The problem:
Transcribe every line of the material below without change, apart from dropping the pictures.

Stored data:
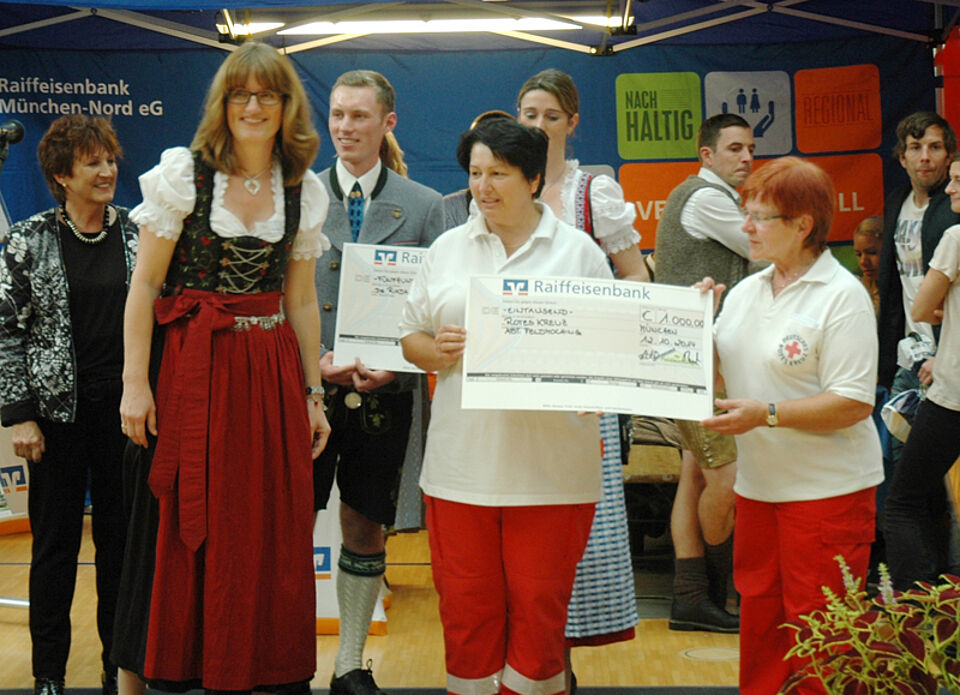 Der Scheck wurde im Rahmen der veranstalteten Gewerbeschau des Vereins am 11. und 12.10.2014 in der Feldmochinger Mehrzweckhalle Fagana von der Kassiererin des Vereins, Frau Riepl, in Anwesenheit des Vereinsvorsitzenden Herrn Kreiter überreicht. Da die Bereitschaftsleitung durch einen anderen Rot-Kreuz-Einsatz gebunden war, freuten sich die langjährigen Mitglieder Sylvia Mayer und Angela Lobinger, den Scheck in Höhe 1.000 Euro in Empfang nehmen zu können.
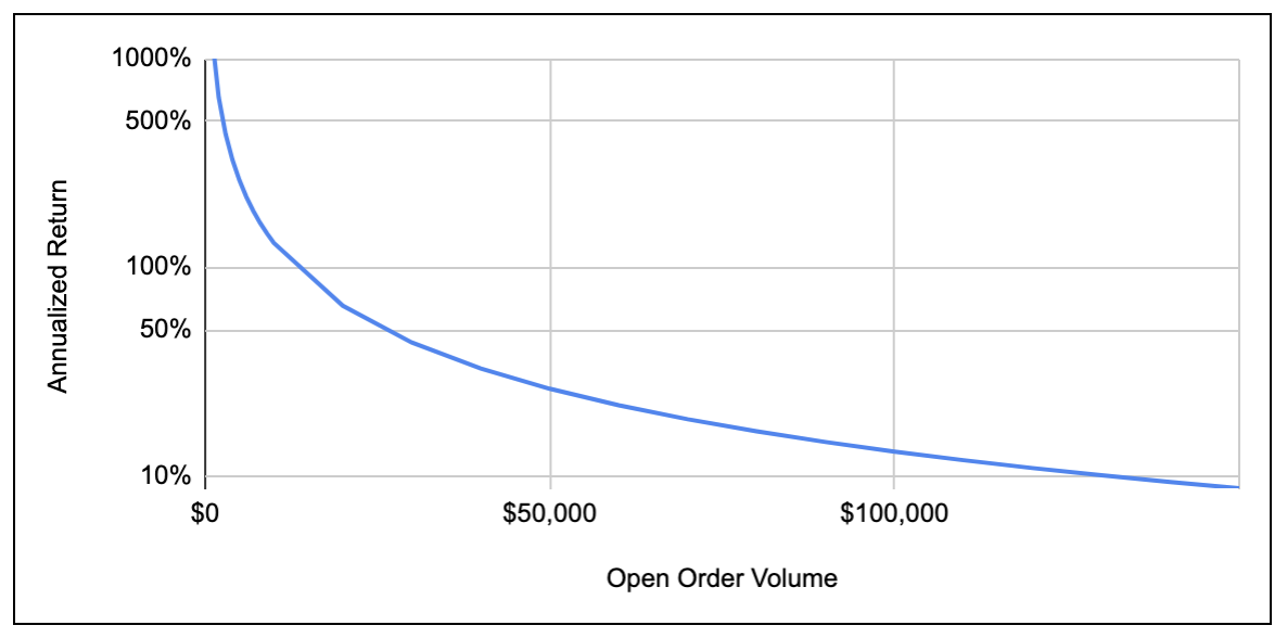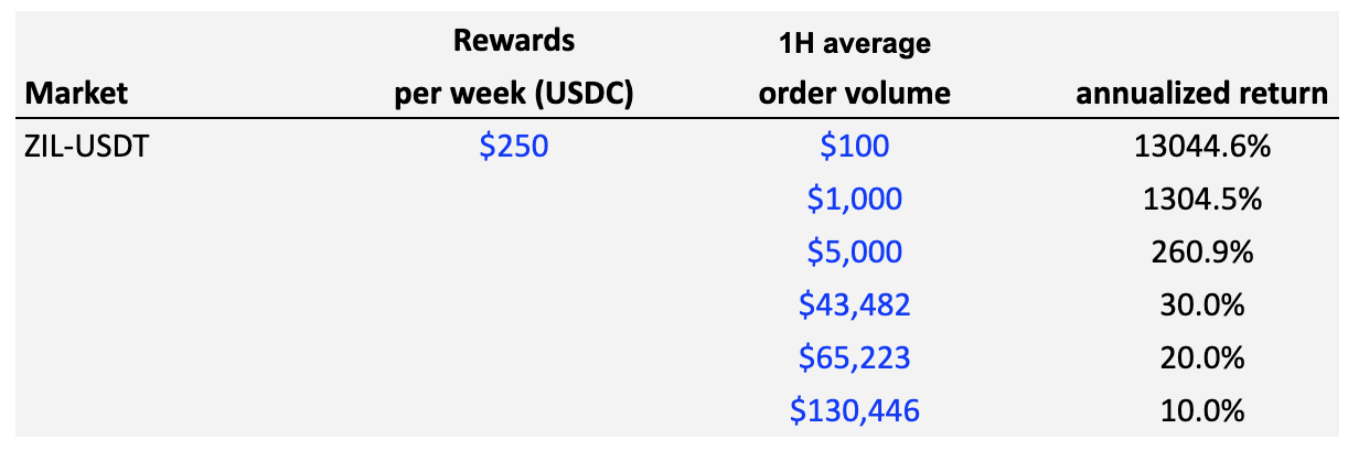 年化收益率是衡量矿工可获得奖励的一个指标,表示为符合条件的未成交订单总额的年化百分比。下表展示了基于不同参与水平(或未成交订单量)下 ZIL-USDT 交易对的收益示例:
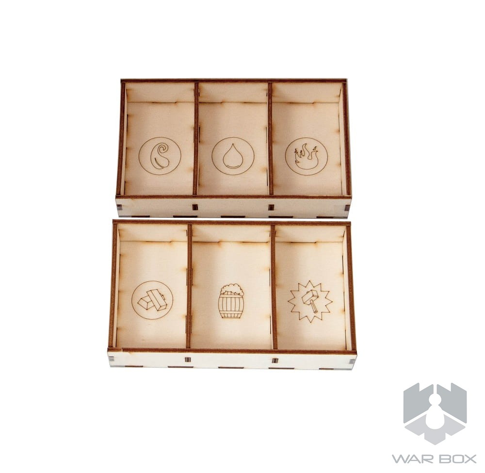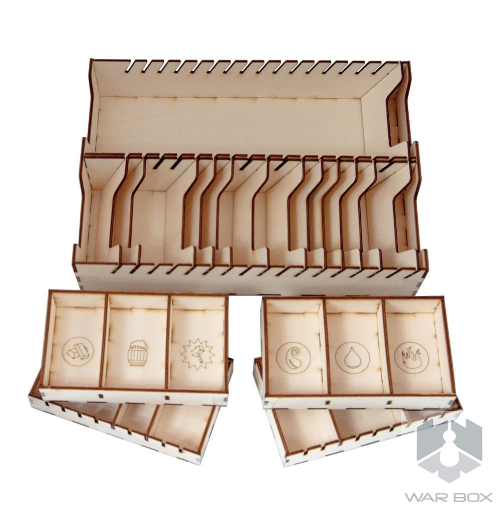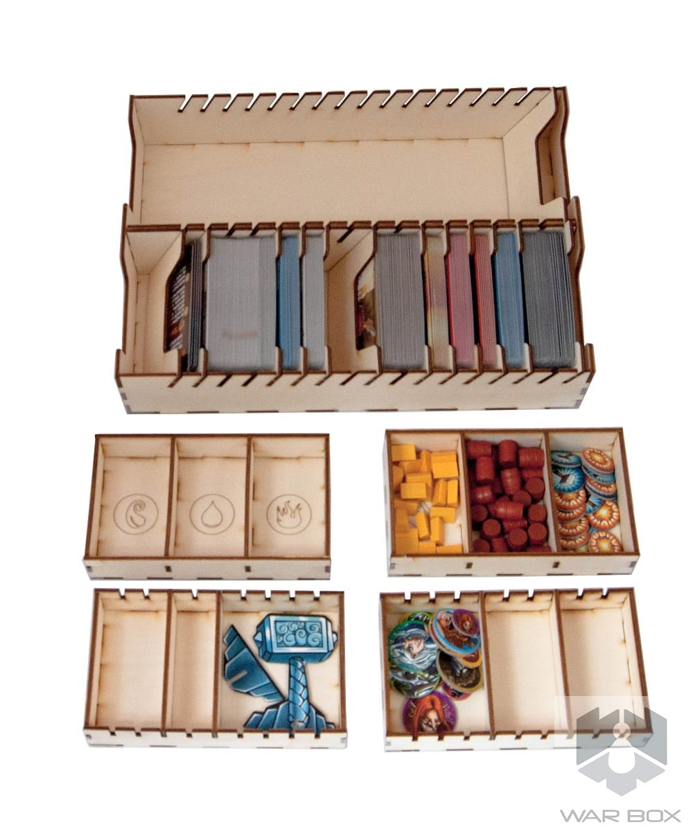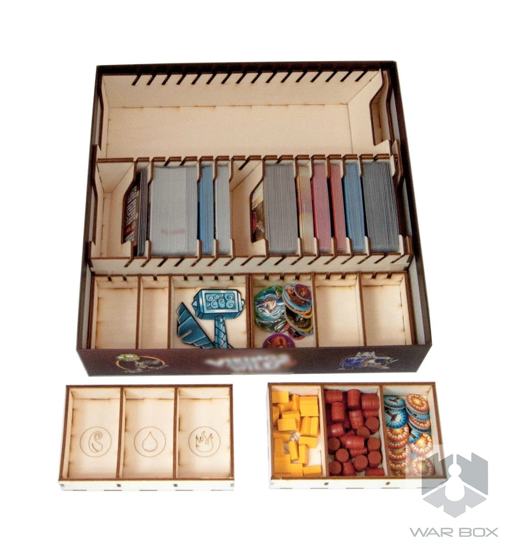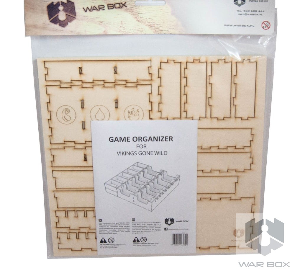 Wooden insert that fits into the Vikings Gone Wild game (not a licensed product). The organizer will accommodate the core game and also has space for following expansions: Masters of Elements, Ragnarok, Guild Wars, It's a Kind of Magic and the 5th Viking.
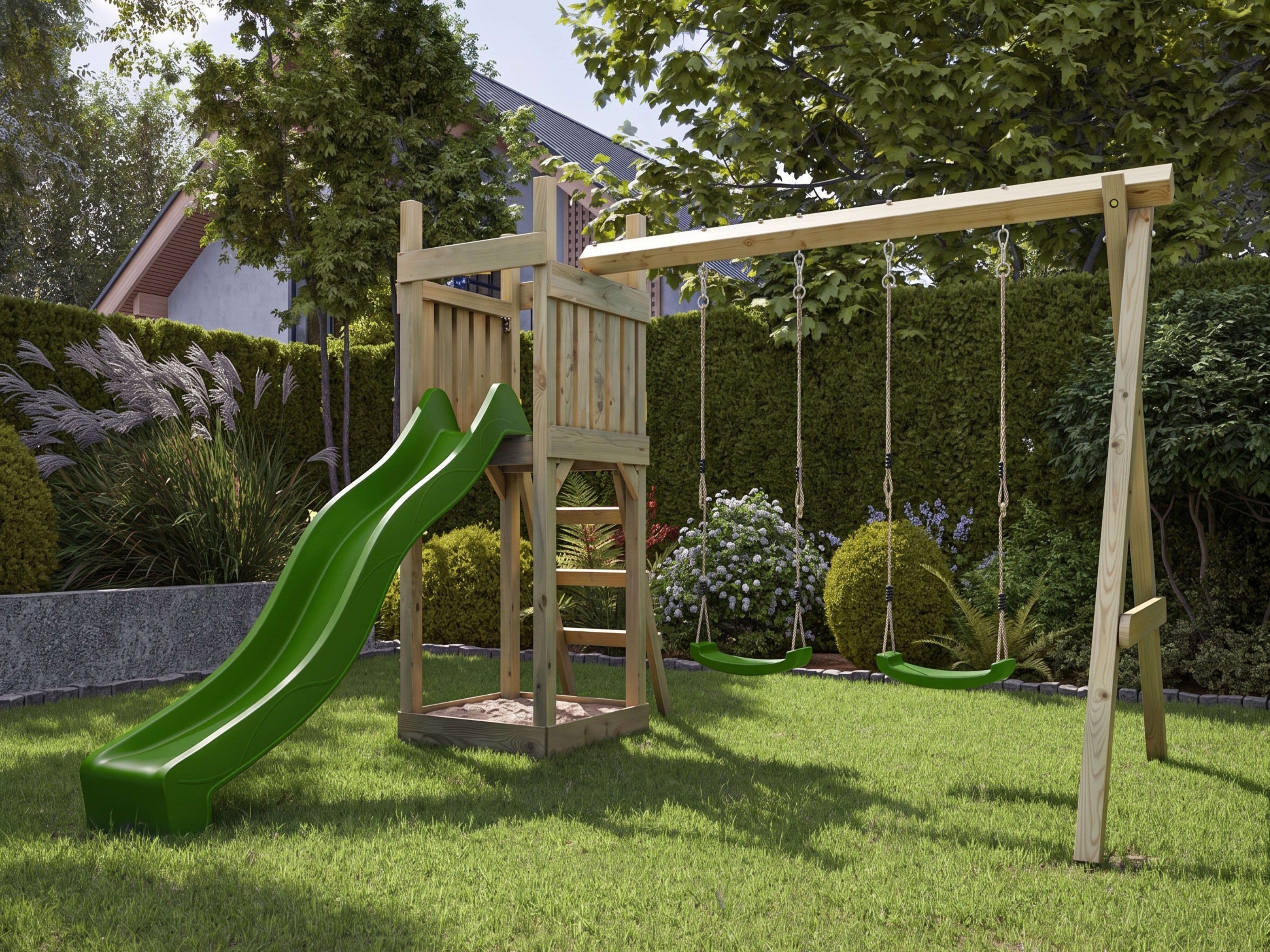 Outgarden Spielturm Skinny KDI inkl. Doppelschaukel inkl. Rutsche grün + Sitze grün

Answer to this task:
 Der Scheck wurde im Rahmen der veranstalteten Gewerbeschau des Vereins am 11. und 12.10.2014 in der Feldmochinger Mehrzweckhalle Fagana von der Kassiererin des Vereins, Frau Riepl, in Anwesenheit des Vereinsvorsitzenden Herrn Kreiter überreicht. Da die Bereitschaftsleitung durch einen anderen Rot-Kreuz-Einsatz gebunden war, freuten sich die langjährigen Mitglieder Sylvia Mayer und Angela Lobinger, den Scheck in Höhe 1.000 Euro in Empfang nehmen zu können.
 年化收益率是衡量矿工可获得奖励的一个指标,表示为符合条件的未成交订单总额的年化百分比。下表展示了基于不同参与水平(或未成交订单量)下 ZIL-USDT 交易对的收益示例:
 Wooden insert that fits into the Vikings Gone Wild game (not a licensed product). The organizer will accommodate the core game and also has space for following expansions: Masters of Elements, Ragnarok, Guild Wars, It's a Kind of Magic and the 5th Viking.
 Outgarden Spielturm Skinny KDI inkl. Doppelschaukel inkl. Rutsche grün + Sitze grün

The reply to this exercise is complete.